- Task item: Where does the word "this" occur in the entries below? Copy every line that has it.

=== Information shown ===

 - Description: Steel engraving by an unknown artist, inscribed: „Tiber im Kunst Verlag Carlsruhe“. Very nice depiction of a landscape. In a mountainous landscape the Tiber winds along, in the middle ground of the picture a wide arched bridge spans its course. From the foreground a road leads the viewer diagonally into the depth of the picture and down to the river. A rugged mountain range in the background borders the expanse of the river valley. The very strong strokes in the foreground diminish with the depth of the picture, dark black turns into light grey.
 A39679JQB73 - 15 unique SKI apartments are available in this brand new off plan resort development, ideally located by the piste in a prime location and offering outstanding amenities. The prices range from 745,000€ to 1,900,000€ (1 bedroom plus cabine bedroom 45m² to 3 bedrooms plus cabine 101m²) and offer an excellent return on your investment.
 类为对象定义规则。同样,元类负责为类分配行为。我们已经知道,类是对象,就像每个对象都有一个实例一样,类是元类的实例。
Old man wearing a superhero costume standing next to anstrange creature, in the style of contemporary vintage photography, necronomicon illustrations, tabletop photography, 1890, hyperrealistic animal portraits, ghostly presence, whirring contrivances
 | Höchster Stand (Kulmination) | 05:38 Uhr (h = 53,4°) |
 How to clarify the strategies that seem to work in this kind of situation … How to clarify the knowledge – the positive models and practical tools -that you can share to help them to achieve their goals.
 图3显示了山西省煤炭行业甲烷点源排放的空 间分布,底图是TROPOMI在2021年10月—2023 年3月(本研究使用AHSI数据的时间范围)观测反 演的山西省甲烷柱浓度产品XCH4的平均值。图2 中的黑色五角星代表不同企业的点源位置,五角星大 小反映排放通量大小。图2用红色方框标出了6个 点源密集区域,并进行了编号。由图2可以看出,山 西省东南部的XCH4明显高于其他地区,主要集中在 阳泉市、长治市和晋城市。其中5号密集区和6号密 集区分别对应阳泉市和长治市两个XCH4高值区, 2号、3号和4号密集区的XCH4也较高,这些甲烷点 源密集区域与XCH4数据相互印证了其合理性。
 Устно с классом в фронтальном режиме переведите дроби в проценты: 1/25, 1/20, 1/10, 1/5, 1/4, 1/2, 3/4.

===

- Completed exercise:
 A39679JQB73 - 15 unique SKI apartments are available in this brand new off plan resort development, ideally located by the piste in a prime location and offering outstanding amenities. The prices range from 745,000€ to 1,900,000€ (1 bedroom plus cabine bedroom 45m² to 3 bedrooms plus cabine 101m²) and offer an excellent return on your investment.
 How to clarify the strategies that seem to work in this kind of situation … How to clarify the knowledge – the positive models and practical tools -that you can share to help them to achieve their goals.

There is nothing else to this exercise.